Ten aanzien van het subsidiaire standpunt:
-e- Er is geen sprake van dat het beslag is toegepast in strijd met de wet dan wel met veronachtzaming van fundamentele vereisten. De strafrechter heeft geoordeeld dat het beslag rechtmatig was.
-f- In verband met de stelling dat het voortduren vanaf mei 2006 disproportioneel was, kon [appellante] via de beklagprocedure van artikel 552a Sv ageren.
-g- Voor ieder ten laste gelegd feit moet afzonderlijk worden beoordeeld of is voldaan aan het criterium dat achteraf uit de (straf)uitspraak danwel anderszins uit de stukken betreffende de strafzaak blijkt van de onschuld van de verdachte en van het ongefundeerd zijn van de verdenking waarop het optreden van politie en justitie berustte (het zogenoemde ‘gebleken-onschuld-criterium’).

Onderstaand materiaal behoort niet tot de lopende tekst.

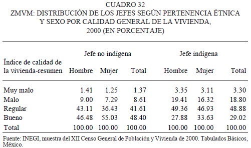 Es importante hacer notar que este rubro de calidad depende más de los servicios proveídos por el sector público que de los propios ingresos de los hogares. Lo que quizá nos está hablando de que los hogares dirigidos por indígenas están ubicados en zonas menos urbanizadas o de mayor marginación en la propia ZMVM.
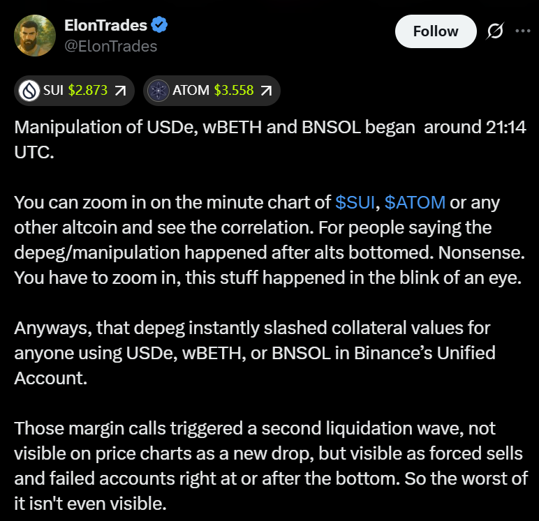 В денежном выражении пятничный резкий спад стал крупнейшим событием ликвидации в истории криптовалют, превзойдя даже крах FTX, с ликвидацией позиций примерно на 19 миллиардов долларов в краткосрочных инвестициях. Bitcoin (BTC) оказался относительно устойчивым по сравнению с альткоинами, которые понесли более значительные потери от пика до минимума.
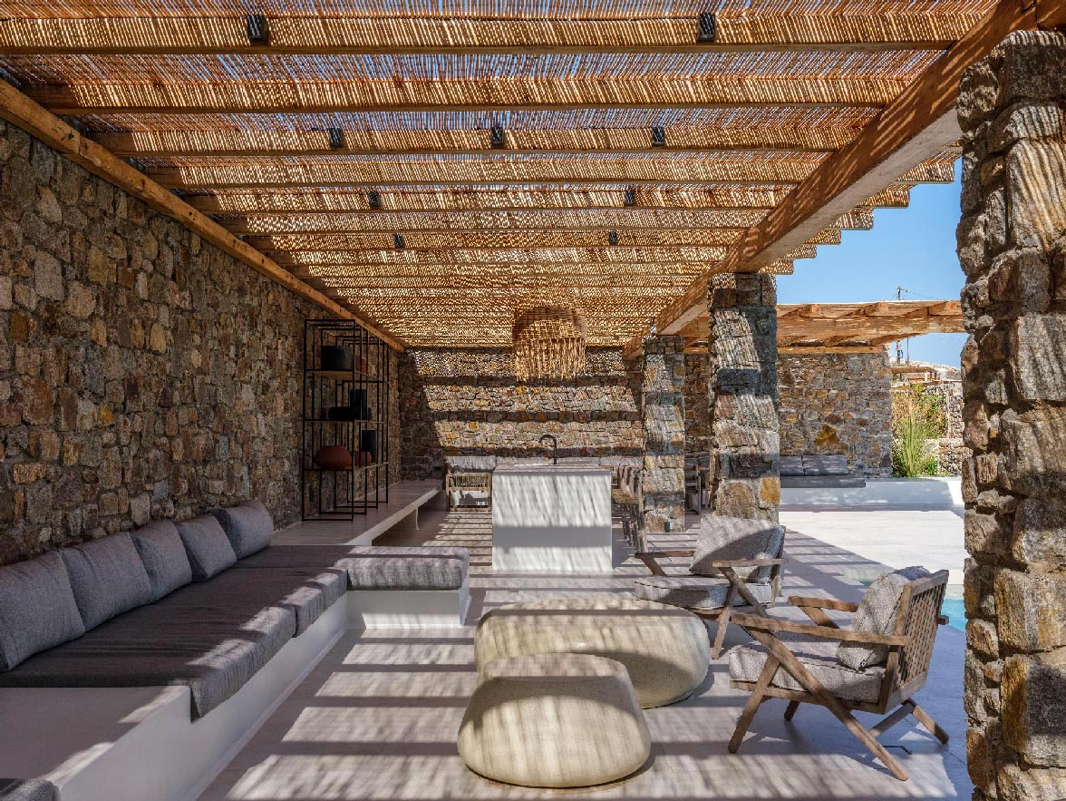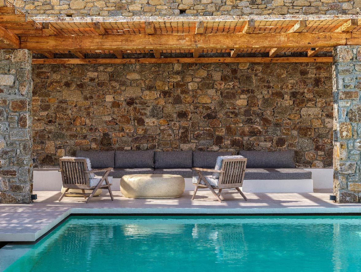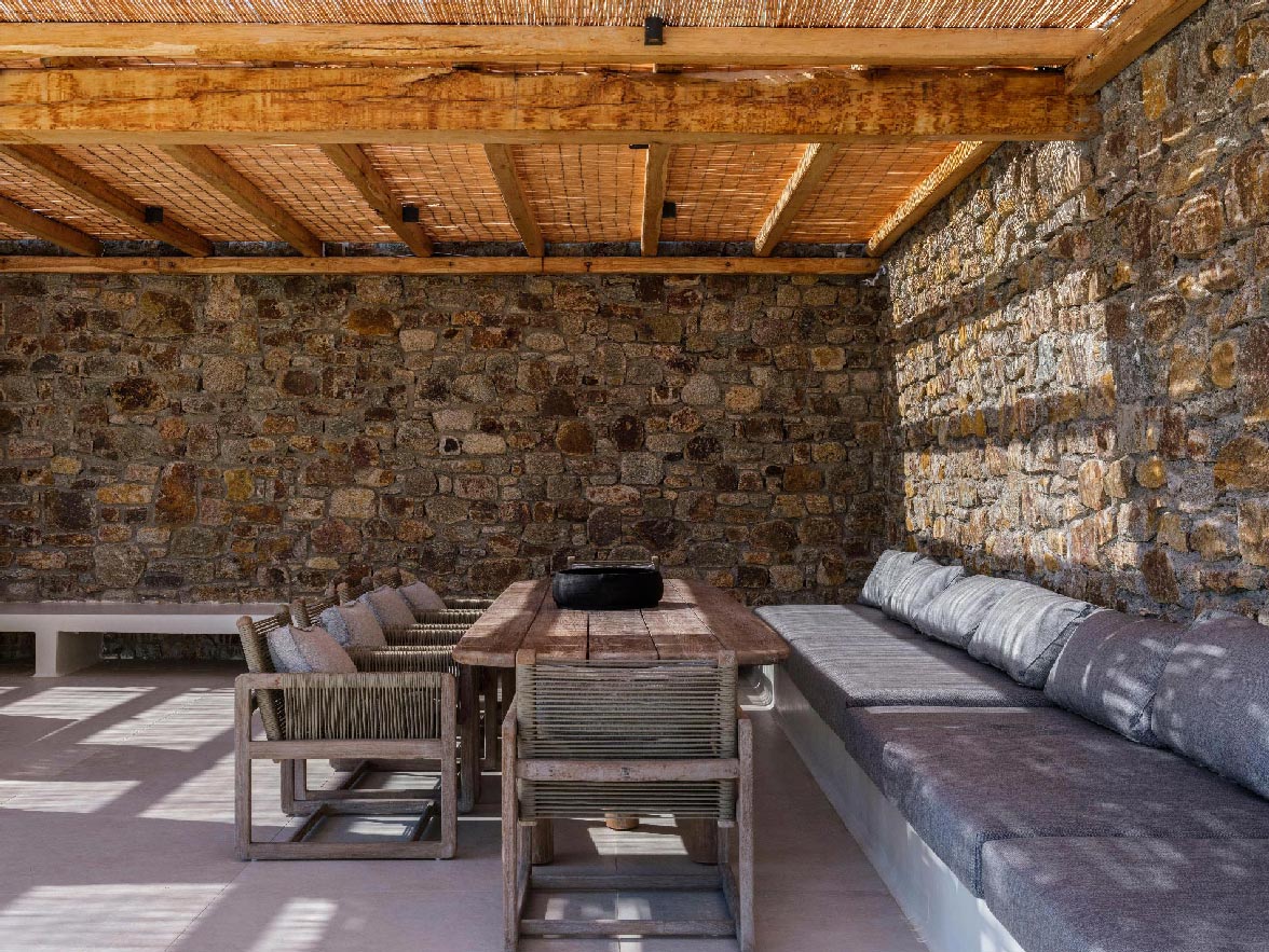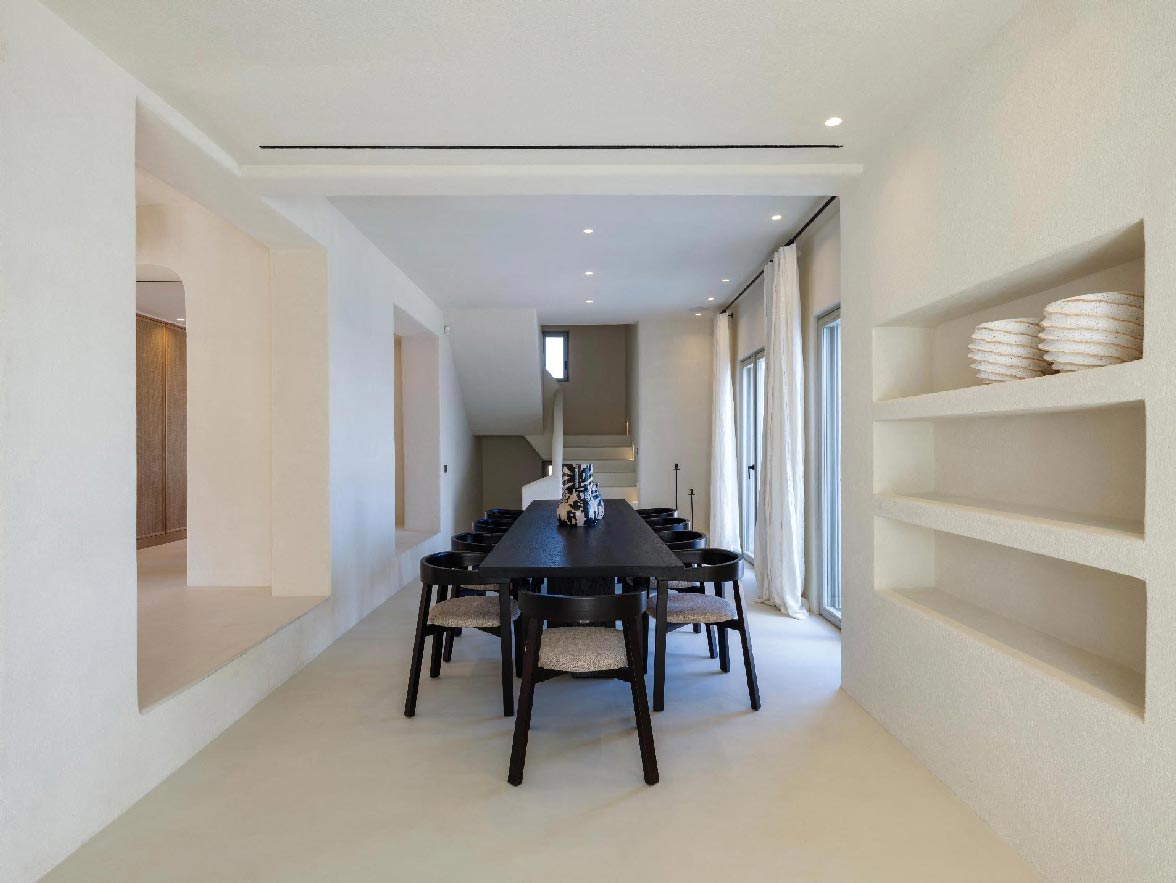 This brand new villa is a high-end property, located only a few minutes away from Ornos and Mykonos Town. The villa offers absolute privacy and proximity to all points of interest, at the same time. Away from the noise of Mykonos town, but still so close to all island facilities and nightlife. This luxurious property of 400 sq.m. expands in 3 levels and consists of 9 master bedrooms -all with luxurious beds and en suite bathrooms-, 1 WC, a spacious living room and a fully equipped kitchen. The property has a very spacious private outdoor terrace with a 100sq.m. infinity pool, well protected by the strong winds that often blow in Mykonos island.

-h- Omdat ten aanzien van feit 1 achteraf uit het vonnis van de strafrechter blijkt van de onschuld van [appellante] en van het ongefundeerd zijn van de verdenking waarop de beslaglegging van de eerste zending was gegrond, is de Staat in beginsel gehouden om de schade te vergoeden die [appellante] als gevolg van de inbeslagneming van deze zending heeft geleden.
-i- Ten aanzien van feit 2 is niet voldaan aan het gebleken-onschuld-criterium; de strafrechter heeft dit feit zowel bewezen verklaard als strafbaar geoordeeld. Dat [appellante] geen verwijt kan worden gemaakt is onvoldoende. De Staat is voor wat betreft de tweede zending niet aansprakelijk voor de schade.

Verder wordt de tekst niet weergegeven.